> **Entries shown**
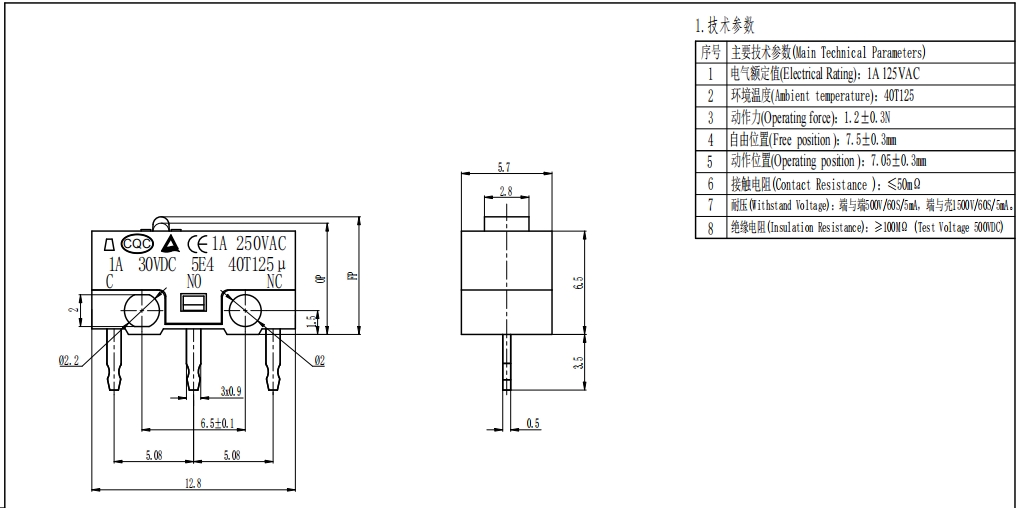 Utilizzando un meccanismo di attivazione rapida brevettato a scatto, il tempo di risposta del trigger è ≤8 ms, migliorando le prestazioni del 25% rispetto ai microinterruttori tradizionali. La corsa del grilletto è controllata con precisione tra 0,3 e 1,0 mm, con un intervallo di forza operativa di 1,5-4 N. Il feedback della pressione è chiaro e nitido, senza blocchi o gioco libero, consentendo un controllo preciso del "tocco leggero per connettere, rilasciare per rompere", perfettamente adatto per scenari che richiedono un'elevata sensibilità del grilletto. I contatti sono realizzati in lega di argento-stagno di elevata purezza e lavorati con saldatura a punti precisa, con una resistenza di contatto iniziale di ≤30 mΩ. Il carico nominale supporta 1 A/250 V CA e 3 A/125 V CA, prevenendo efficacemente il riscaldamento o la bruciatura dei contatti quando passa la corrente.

...

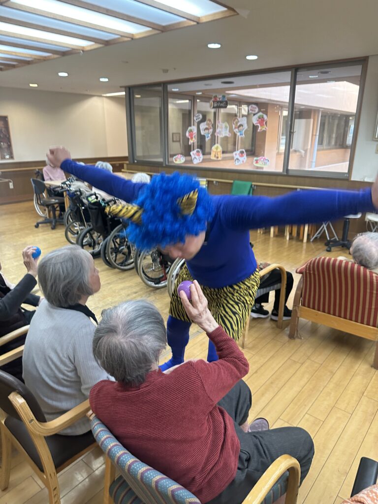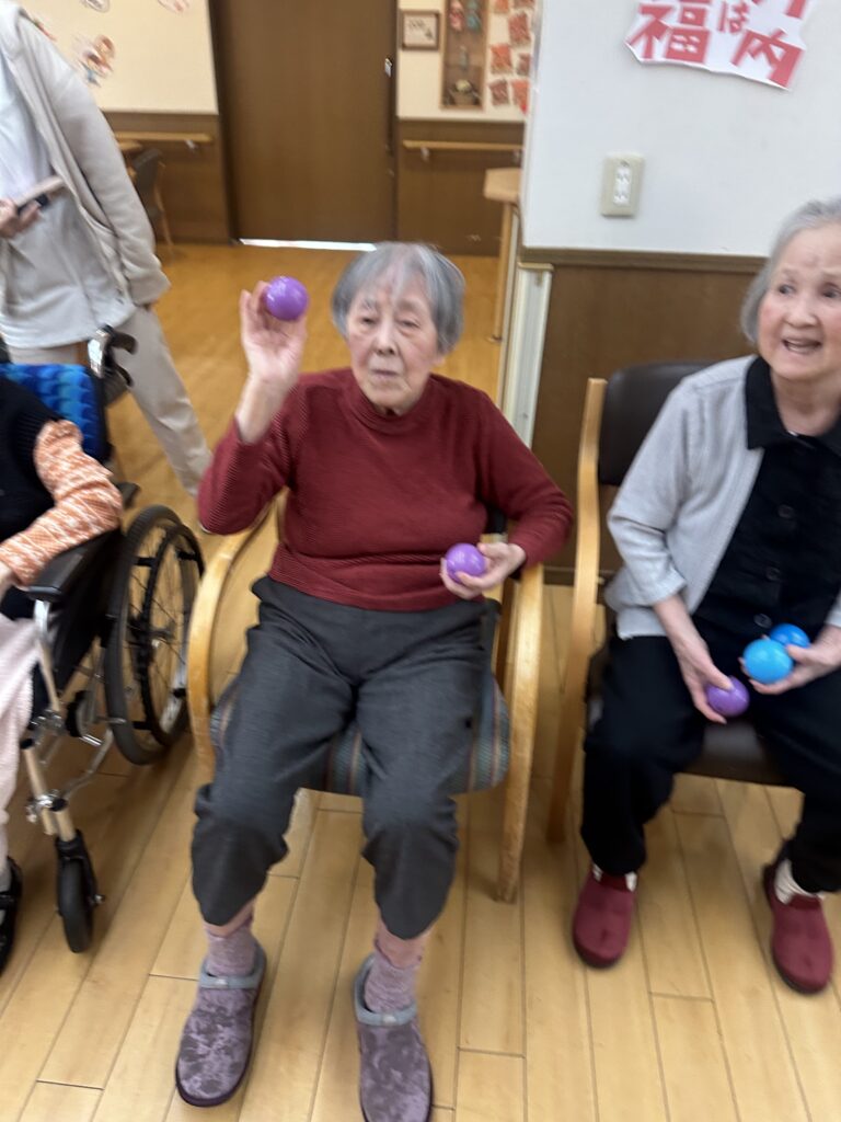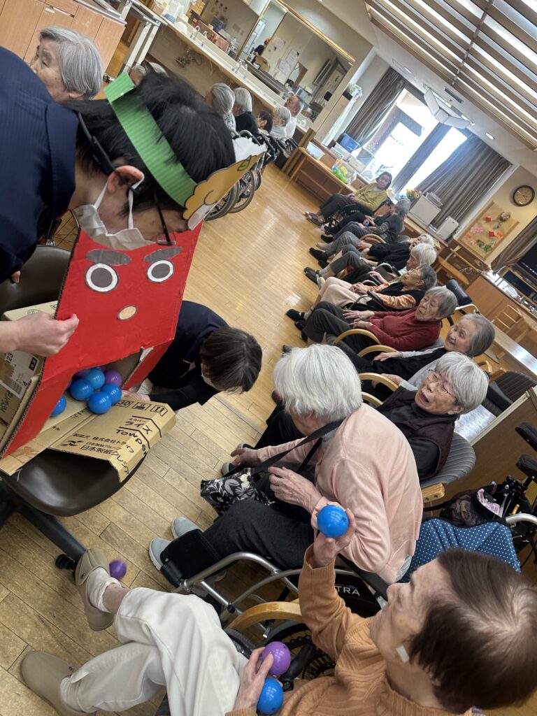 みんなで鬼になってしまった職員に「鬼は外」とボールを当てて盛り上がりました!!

--

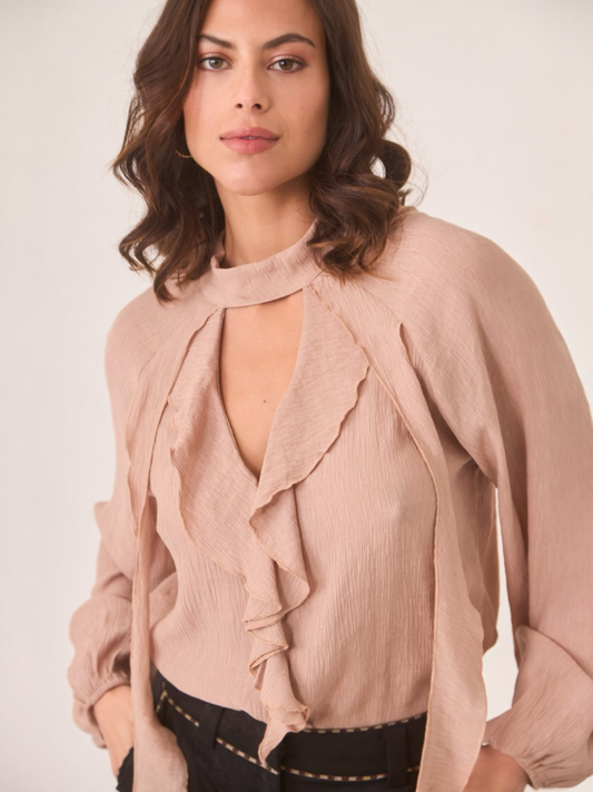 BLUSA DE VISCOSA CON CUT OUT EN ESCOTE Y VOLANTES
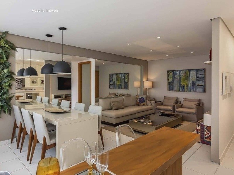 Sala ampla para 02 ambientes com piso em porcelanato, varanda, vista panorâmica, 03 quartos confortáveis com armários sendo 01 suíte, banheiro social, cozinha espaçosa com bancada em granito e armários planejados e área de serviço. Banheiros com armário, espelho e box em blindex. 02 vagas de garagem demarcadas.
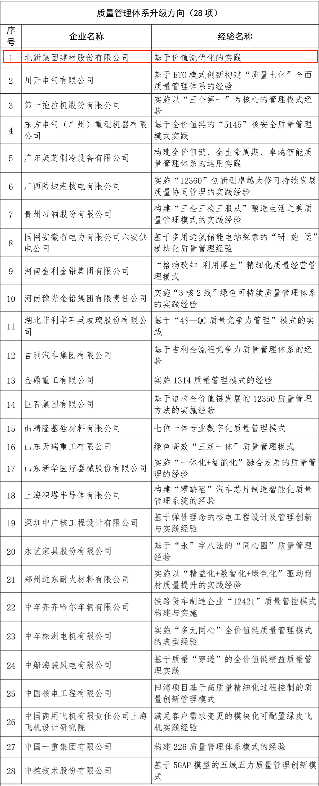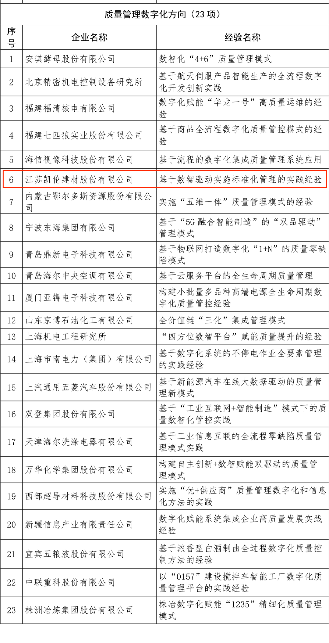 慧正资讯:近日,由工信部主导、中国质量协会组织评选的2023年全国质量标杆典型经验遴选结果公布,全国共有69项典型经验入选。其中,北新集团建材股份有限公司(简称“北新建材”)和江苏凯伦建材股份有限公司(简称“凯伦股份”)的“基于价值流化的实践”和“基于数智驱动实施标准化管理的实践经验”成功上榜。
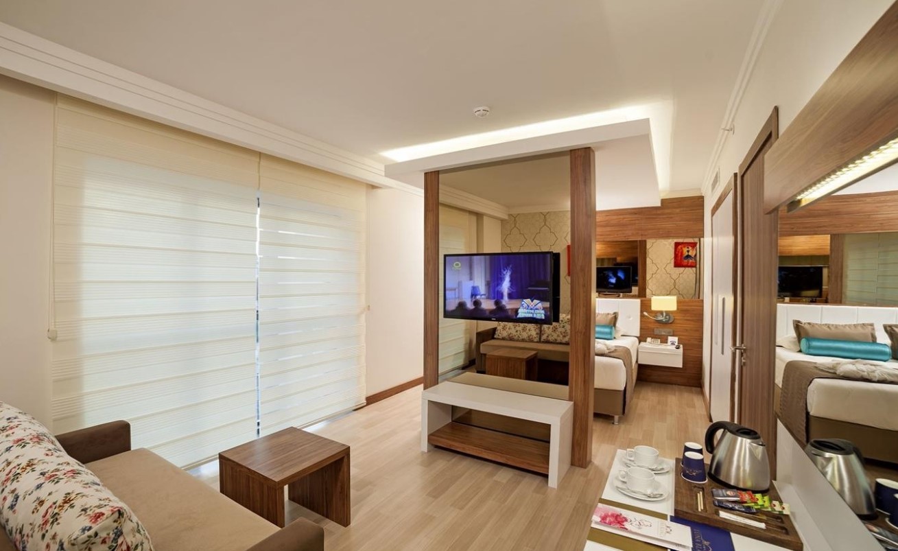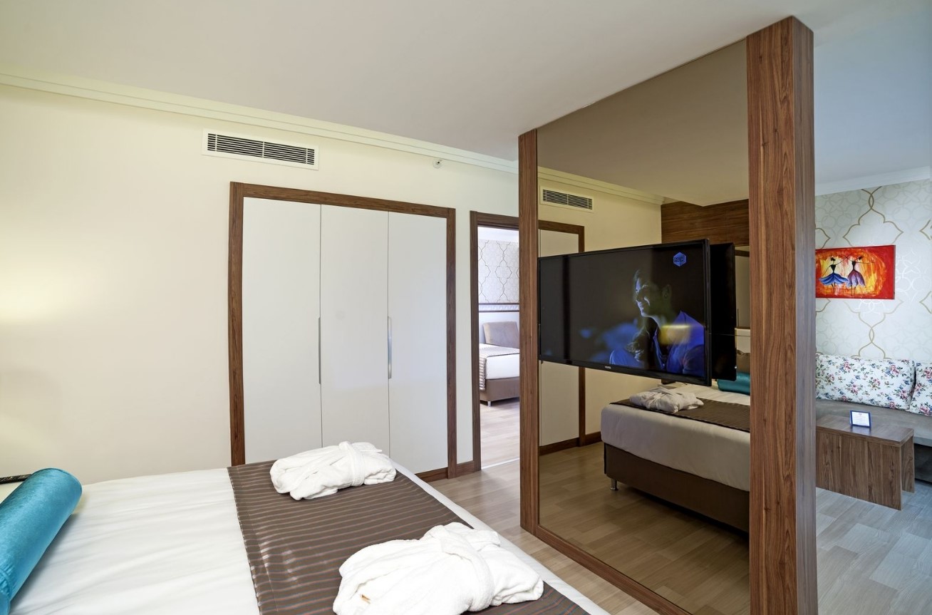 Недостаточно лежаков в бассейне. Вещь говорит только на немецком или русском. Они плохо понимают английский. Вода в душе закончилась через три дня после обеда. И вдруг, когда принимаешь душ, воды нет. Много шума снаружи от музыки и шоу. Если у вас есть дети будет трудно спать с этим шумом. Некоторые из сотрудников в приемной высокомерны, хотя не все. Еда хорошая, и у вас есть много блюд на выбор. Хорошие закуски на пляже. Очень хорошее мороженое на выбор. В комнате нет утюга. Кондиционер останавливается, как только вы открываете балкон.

> **What the exercise asks**
Look back at the data above, then output exactly the lines from the line holding "Sala ampla para" up to and including the line holding "Недостаточно лежаков в". Leave out the pictures.

> **Finished task**
 Sala ampla para 02 ambientes com piso em porcelanato, varanda, vista panorâmica, 03 quartos confortáveis com armários sendo 01 suíte, banheiro social, cozinha espaçosa com bancada em granito e armários planejados e área de serviço. Banheiros com armário, espelho e box em blindex. 02 vagas de garagem demarcadas.
 慧正资讯:近日,由工信部主导、中国质量协会组织评选的2023年全国质量标杆典型经验遴选结果公布,全国共有69项典型经验入选。其中,北新集团建材股份有限公司(简称“北新建材”)和江苏凯伦建材股份有限公司(简称“凯伦股份”)的“基于价值流化的实践”和“基于数智驱动实施标准化管理的实践经验”成功上榜。
 Недостаточно лежаков в бассейне. Вещь говорит только на немецком или русском. Они плохо понимают английский. Вода в душе закончилась через три дня после обеда. И вдруг, когда принимаешь душ, воды нет. Много шума снаружи от музыки и шоу. Если у вас есть дети будет трудно спать с этим шумом. Некоторые из сотрудников в приемной высокомерны, хотя не все. Еда хорошая, и у вас есть много блюд на выбор. Хорошие закуски на пляже. Очень хорошее мороженое на выбор. В комнате нет утюга. Кондиционер останавливается, как только вы открываете балкон.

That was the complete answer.